Instructions for the task
From the listing below, copy only the lines from the line that contains "Flying. When Iridescent" to the line that contains "돼지국밥이랑 수육백반 시켰는데", counting those two lines as part of the copy.

Given data

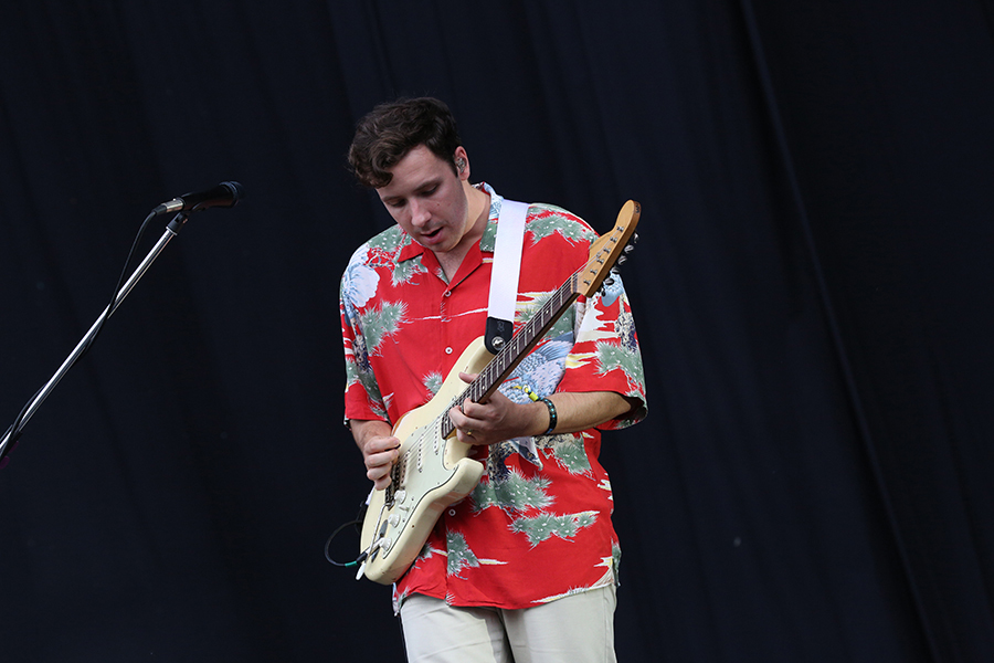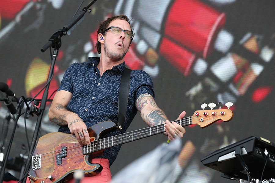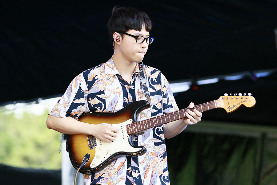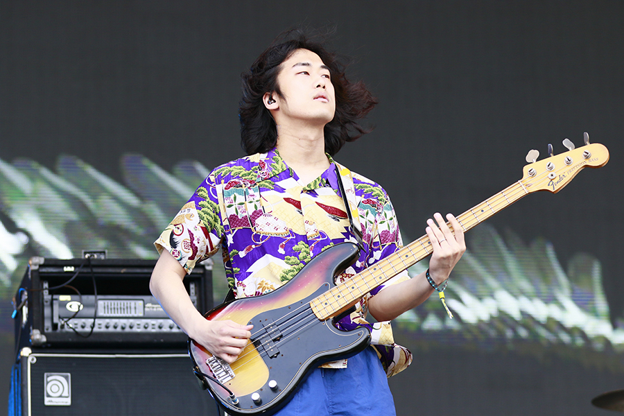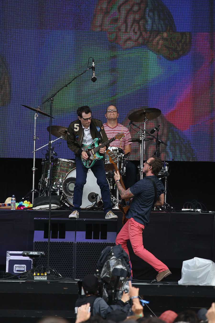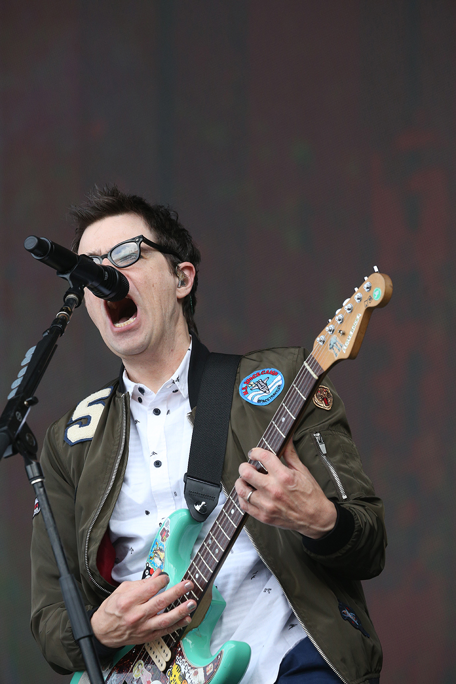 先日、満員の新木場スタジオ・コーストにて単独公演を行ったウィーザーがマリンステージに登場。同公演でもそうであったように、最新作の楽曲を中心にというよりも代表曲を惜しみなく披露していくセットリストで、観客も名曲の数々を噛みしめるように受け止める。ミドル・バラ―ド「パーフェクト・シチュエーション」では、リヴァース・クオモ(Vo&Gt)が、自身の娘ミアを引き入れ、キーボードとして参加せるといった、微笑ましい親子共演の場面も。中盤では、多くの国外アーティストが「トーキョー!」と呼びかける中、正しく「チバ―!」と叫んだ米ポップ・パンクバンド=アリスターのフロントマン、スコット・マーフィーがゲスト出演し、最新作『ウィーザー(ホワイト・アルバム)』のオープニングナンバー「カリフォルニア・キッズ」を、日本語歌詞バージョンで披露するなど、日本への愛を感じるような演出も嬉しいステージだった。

...

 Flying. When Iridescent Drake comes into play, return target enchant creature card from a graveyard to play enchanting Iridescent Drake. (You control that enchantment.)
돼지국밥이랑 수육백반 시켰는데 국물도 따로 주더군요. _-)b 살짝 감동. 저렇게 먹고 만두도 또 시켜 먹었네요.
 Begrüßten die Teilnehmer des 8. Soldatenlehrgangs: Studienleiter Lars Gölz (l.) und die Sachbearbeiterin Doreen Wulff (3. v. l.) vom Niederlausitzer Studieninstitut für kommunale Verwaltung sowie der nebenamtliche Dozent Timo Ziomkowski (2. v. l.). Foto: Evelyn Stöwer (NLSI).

Output below
 Flying. When Iridescent Drake comes into play, return target enchant creature card from a graveyard to play enchanting Iridescent Drake. (You control that enchantment.)
돼지국밥이랑 수육백반 시켰는데 국물도 따로 주더군요. _-)b 살짝 감동. 저렇게 먹고 만두도 또 시켜 먹었네요.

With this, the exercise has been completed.